> _Directions for this task_
Nothing but text lines should be duplicated: start with the first line of the listing below and stop after the line holding "<p>Langhe, Cuneo District, Piedmont, Italy.", omitting pictures.

> _Data_
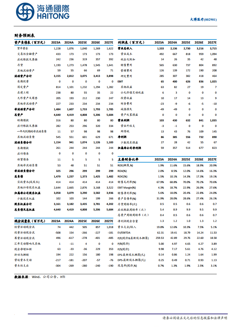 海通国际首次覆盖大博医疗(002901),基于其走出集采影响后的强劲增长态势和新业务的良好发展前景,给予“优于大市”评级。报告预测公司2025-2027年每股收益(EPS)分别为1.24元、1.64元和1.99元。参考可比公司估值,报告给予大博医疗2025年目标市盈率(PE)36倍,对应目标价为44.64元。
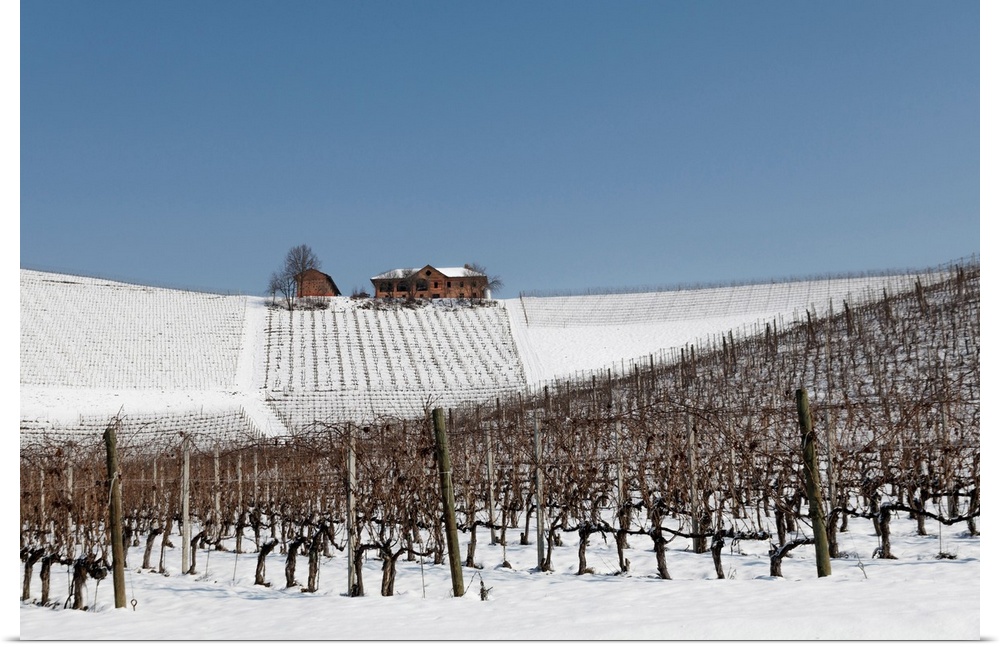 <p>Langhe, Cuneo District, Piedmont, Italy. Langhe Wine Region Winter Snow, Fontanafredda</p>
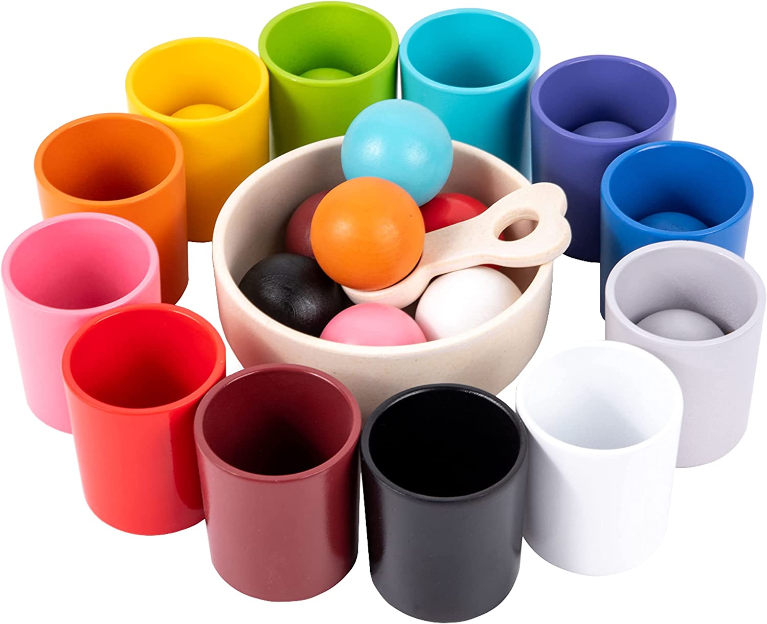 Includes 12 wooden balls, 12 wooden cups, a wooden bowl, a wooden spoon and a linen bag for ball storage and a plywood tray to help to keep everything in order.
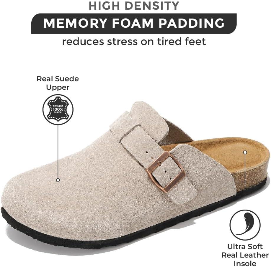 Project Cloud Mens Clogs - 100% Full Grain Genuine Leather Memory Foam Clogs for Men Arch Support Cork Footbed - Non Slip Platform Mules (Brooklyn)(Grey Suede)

> _The answer_
 海通国际首次覆盖大博医疗(002901),基于其走出集采影响后的强劲增长态势和新业务的良好发展前景,给予“优于大市”评级。报告预测公司2025-2027年每股收益(EPS)分别为1.24元、1.64元和1.99元。参考可比公司估值,报告给予大博医疗2025年目标市盈率(PE)36倍,对应目标价为44.64元。
 <p>Langhe, Cuneo District, Piedmont, Italy. Langhe Wine Region Winter Snow, Fontanafredda</p>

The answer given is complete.